BEGIN Records provided

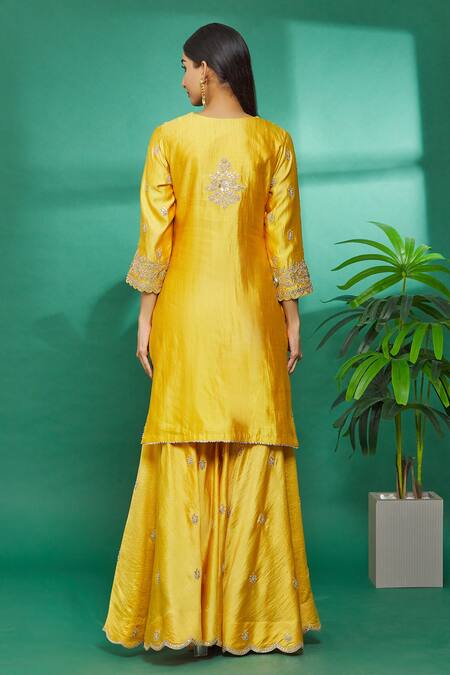 Yellow Dupatta Organza, Kurta And Sharara Pure Spun Silk Hand Embroidered Set
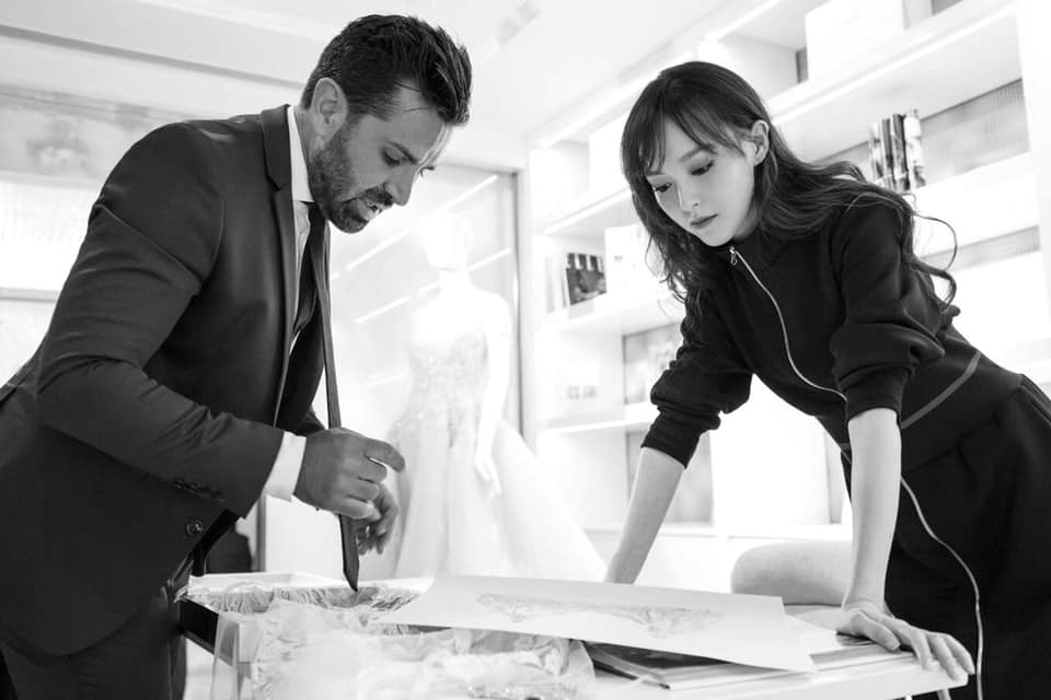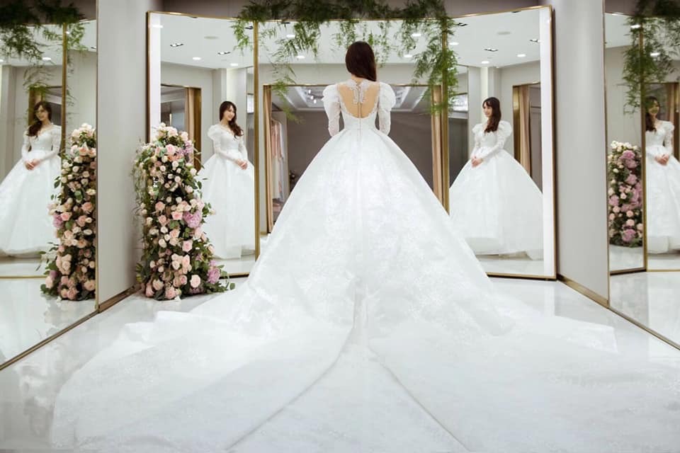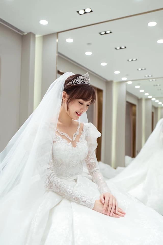 Một số hình ảnh của mỹ nhân 34 tuổi tại cửa hàng của thương hiệu Mikeal D đã được tiết lộ kèm trạng thái: “Khoảnh khắc cô ấy cùng tôi nghiên cứu, bàn về mẫu áo cưới, đôi mắt cô ấy sáng lấp lánh và gương mặt tràn đầy niềm hạnh phúc của một cô gái sắp cưới”.
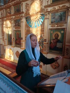 В этом учебном году руководить хором за богослужением будут воспитанницы 3 и 4 курсов: Буравлева Нина, Рослякова Дария, Петрушова Фаина и Убонова Екатерина. Студентки 2 и 1 курсов будут петь и читать.
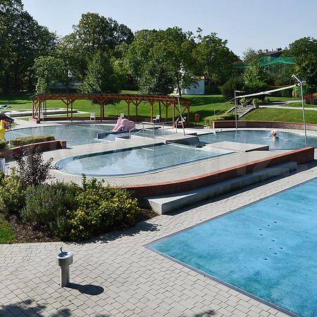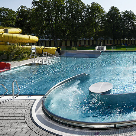 Attraktionen: Bodensprudel, Massagedüsen, Strömungskanal, Breitrutsche, Röhrenrutsche, Elefant, Clown, Aquadom, Water Tunnel, Sprudelliegen, Team Spray, Direction Water Jet
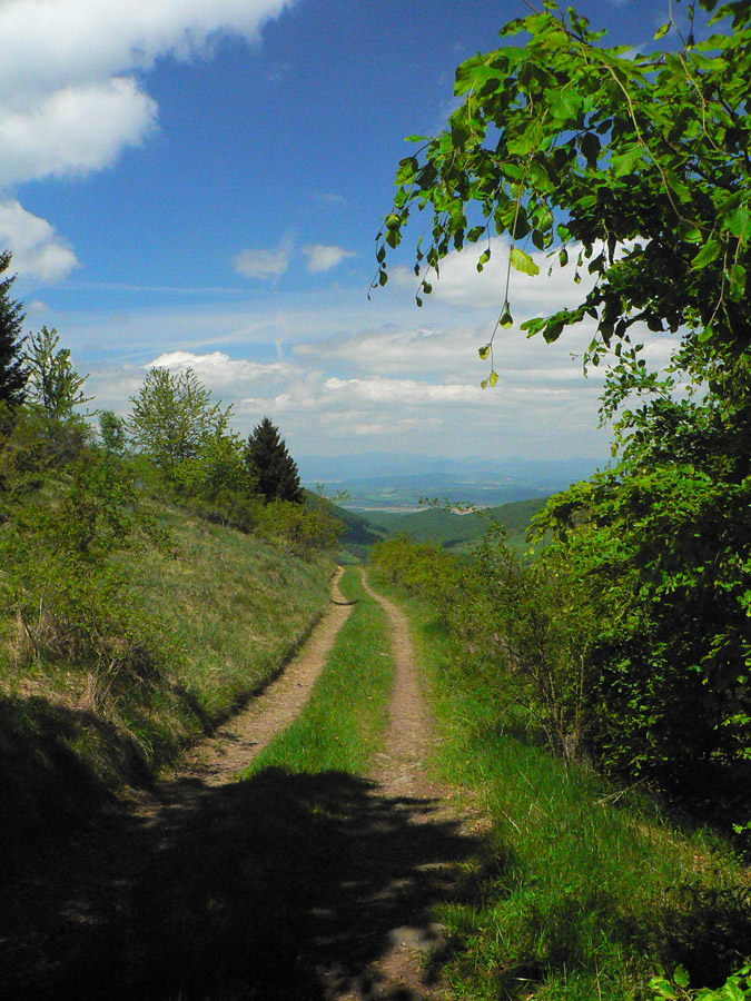 Sopečné Javorie - to sú na severe lesy, na juhu mozaika lúk a lazov - na mape to vyzerá vééééľmi pekne. Niečo viac ako 40km bude dlhý ten dnešný okruh - to je síce trochu moc na dennú turistiku, ale tak akurát na ľahký indiánsky beh, pre niekoho „hopsoklus“ v maratónkach. A posledná zúfalá možnosť nahnať nejaké tréningové kilometre pred prvou stovkou sezóny (ktorú som nakoniec radšej vynechal). Vystriedam všetky farby „turistického spektra“, lebo začnem na žltej medzi Zvolenom a Zaježovou, tam odbočím na červenú po rázcestie Polomy, zbehnem po modrej do Kalinky a do Zvolena sa vrátim po zelenej ponad dolinu Sekier. Z mapy je to asi jasnejšie. Tie dva krátke úseky (v polovici žltej a pred koncom zelenej), kde som radšej išiel mimo značiek, sú vybodkované:

END Records provided

→ **How to complete this task**:
Only exact lines belong in the answer: those from the beginning of the entries above through the line holding "Một số hình", with no pictures.

→ **Answer section**:
 Yellow Dupatta Organza, Kurta And Sharara Pure Spun Silk Hand Embroidered Set
 Một số hình ảnh của mỹ nhân 34 tuổi tại cửa hàng của thương hiệu Mikeal D đã được tiết lộ kèm trạng thái: “Khoảnh khắc cô ấy cùng tôi nghiên cứu, bàn về mẫu áo cưới, đôi mắt cô ấy sáng lấp lánh và gương mặt tràn đầy niềm hạnh phúc của một cô gái sắp cưới”.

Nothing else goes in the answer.